Elindeki bardağı öfkeyle masaya bıraktı. Lakin o kadar sertti ki hareketleri, yanıbaşında duran Davud bardağın dibinin çatladığına adı kadar emindi. Öfkesi ve gururu gözünü kör etmiş gibiydi. Günlerdir aramadık yer, sormadık firma bırakmamıştı. Ama değil gün, hafta geçmiş olmasına rağmen Su Hümeyra'dan ne bir ses, ne bir nefes yoktu! Yer yarılmış da içine girmiş gibiydi. Ona aldığı telefonu giderken bıraktığı için arayamıyordu da. Deli gibi dört yana dolanıp durdu yalının içinde. Bu evlilik meselesini annesinden başka bilen yoktu. Peki ya Su Hümeyra vereceği red cevabını onunla paylaşmış olabilir miydi? Günler sonra aklına düşen fikirle bir kez daha işi gücü bırakıp ayaklandı. Öyle bir inat, öyle mağrur bir his kaplamıştı ki içini günlerdir Balkız Hüma ile ilgilenmemişti bile. Kararlıydı. O kız bu yalıya dönecek ve paşa paşa kabul edecekti bu evliliği! Arabaya binip arkasına yaslandı. Davud çoktan şoför mahalline geçmiş komut bekliyordu. Karanlık bakışları camdan dışarıya dönerken kutusundan çıkardığı siyah güneş gözlüğünü gözlerine geçirdi. Ve kısık ama tok bir sesle mırıldandı.

-Anneme gidiyoruz Davud...'

-Bunu nasıl yaparsın anne?

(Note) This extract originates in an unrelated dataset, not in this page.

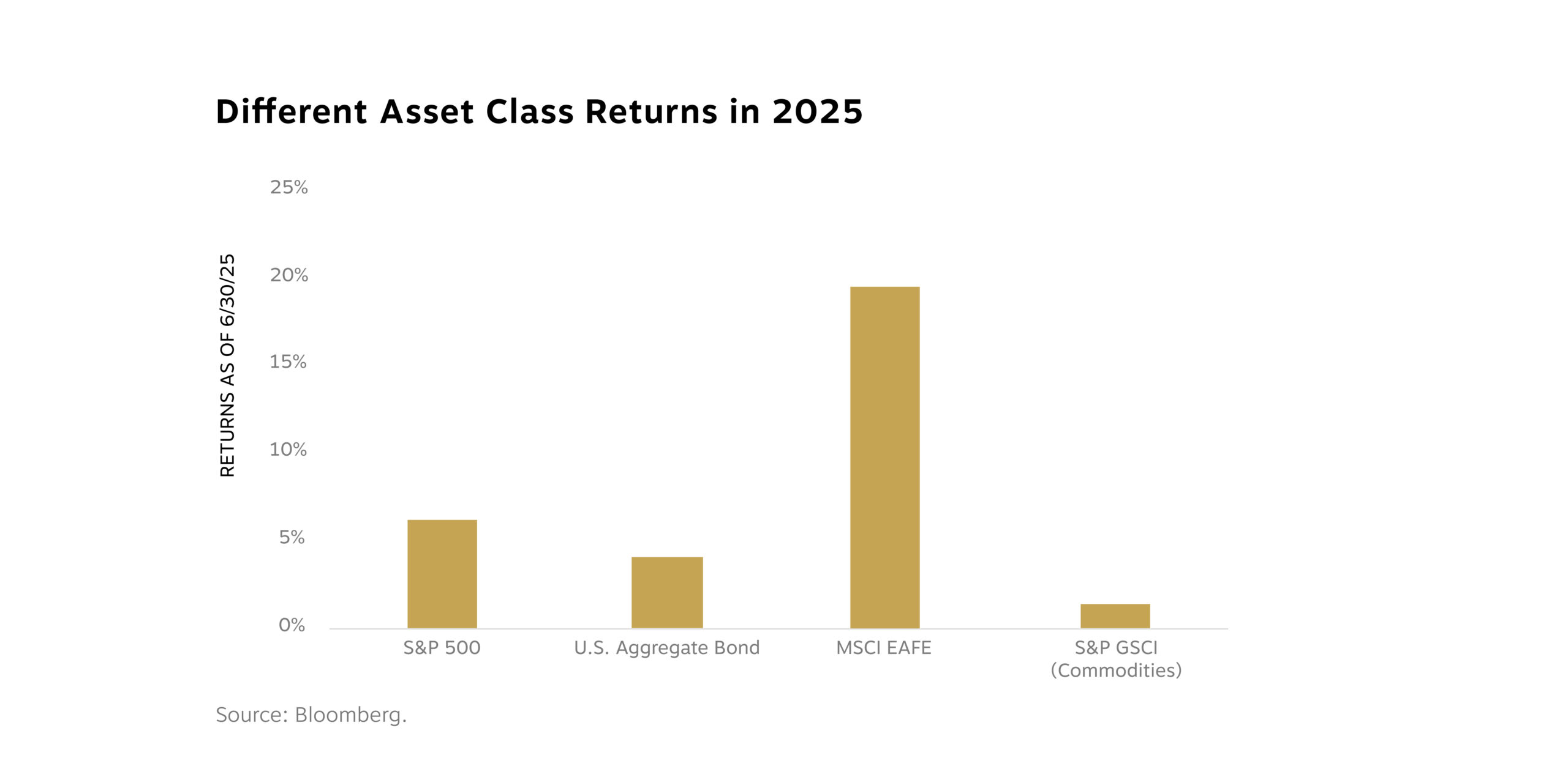 Foreign stocks have been a highlight—particularly in developed economies. The MSCI EAFE index has more than tripled the return of U.S. stocks year to date with a 19.4% first-half gain. Valuations remain compelling, and economic momentum abroad is beginning to firm up.

Onu istediğimi bile bile nasıl yaparsın?!'

Aras'ın öfke dolu sesi salonu antika mobilyaların dolu olduğu salonu boğuk bir yankıyla doldurdu. Üzgündü Zeynep hanım. Tedirgindi. Oğlu kapısına dayanıp onu Su Hümeyra konusunda sıkıştırınca gidişine yardım ettiğini söylemeye mecbur hissetmişti kendini. Lakin şimdi bu yaptığına değil pişmanlık duymak, içten içe iyi ki diyordu kendine. Iyi ki o kızcağıza yardım etmişim de iyi ki oğlumun hırslarına kurban etmemişim. Başını kaldırıp kırgın bakışlarını evladına çevirdi. Şeytan gurur ve inat ile avucunun içine almıştı bir tanecik oğlunu.

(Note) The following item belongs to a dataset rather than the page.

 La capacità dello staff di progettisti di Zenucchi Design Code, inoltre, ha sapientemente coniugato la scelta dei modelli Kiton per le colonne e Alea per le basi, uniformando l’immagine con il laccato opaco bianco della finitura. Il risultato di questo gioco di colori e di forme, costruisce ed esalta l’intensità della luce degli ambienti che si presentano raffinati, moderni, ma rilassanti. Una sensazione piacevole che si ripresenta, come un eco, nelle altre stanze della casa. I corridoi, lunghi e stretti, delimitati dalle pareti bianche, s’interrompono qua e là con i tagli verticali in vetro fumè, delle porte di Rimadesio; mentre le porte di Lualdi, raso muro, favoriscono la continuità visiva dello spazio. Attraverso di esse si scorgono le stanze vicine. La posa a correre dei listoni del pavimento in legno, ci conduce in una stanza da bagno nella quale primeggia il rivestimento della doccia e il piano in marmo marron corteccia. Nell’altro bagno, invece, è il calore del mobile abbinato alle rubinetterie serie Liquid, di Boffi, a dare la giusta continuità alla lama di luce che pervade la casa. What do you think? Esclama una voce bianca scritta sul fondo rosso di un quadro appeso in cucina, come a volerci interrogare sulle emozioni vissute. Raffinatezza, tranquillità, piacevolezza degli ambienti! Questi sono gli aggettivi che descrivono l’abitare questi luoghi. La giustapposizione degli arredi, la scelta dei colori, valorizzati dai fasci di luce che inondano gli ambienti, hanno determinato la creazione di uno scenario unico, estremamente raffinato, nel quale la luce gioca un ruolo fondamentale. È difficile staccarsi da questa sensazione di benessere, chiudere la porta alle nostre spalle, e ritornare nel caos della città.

-İstiyorum diyor ama seviyorum bile diyemiyorsun Aras! Sen Su Hümeyra'yı sadece yanına yakıştırıyorsun oğlum. Şimdide seni reddettiği için işi inada bindirdin. Yapma. Bırak kızcağız hayatına baksın. '

Cevap vermek yerine salonda öfkeli adımlar atmayı sürdürdü Aras. İstiyordu işte! Su Hümeyra'yı evinde, yanında, yatağında istiyordu! Her ne şekilde olursa olsun bu evlilik yapılacaktı! Katiydi kararı. Şimdi annesinden onun gittiği yeri öğrenip yalıya geri götürecek, ve evlilik teklifini kabul edene dek gözünün önünden ayırmayacaktı. Hastalıksa hastalık! İnatsa inattı bu! O kız eninde sonunda Su Hümeyra Karaca olacaktı! Sakin kalmaya çalışarak dönüp annesinin karşına oturdu. Derin bir nefes aldı.

-Balkız da bende hayatımızda onu istiyoruz anne. Bir başkasını değil, onu. Ve şimdi sen bana onun yerini söyleyeceksin. 'dedi olağanca bir sakinlikle. Zeynep hanım gözlerini kıstı. Oğlunu tanıyamaz olmuştu. Sert mizacı ezelden beri vardı ancak bu tavırlar kalbine kötülük yerleştirdiğine delaletti. Hayır... Hayır kimsesiz bir kızı gözünü hırs bürümüş bir adamın eline mahkum etmeyecekti. Ki bu adam oğlu bile olsa. Yerinden kalkıp başındaki örtüyü kibarca düzeltti. Ve dönüp salondan çıkmadan hemen önce sertçe konuştu.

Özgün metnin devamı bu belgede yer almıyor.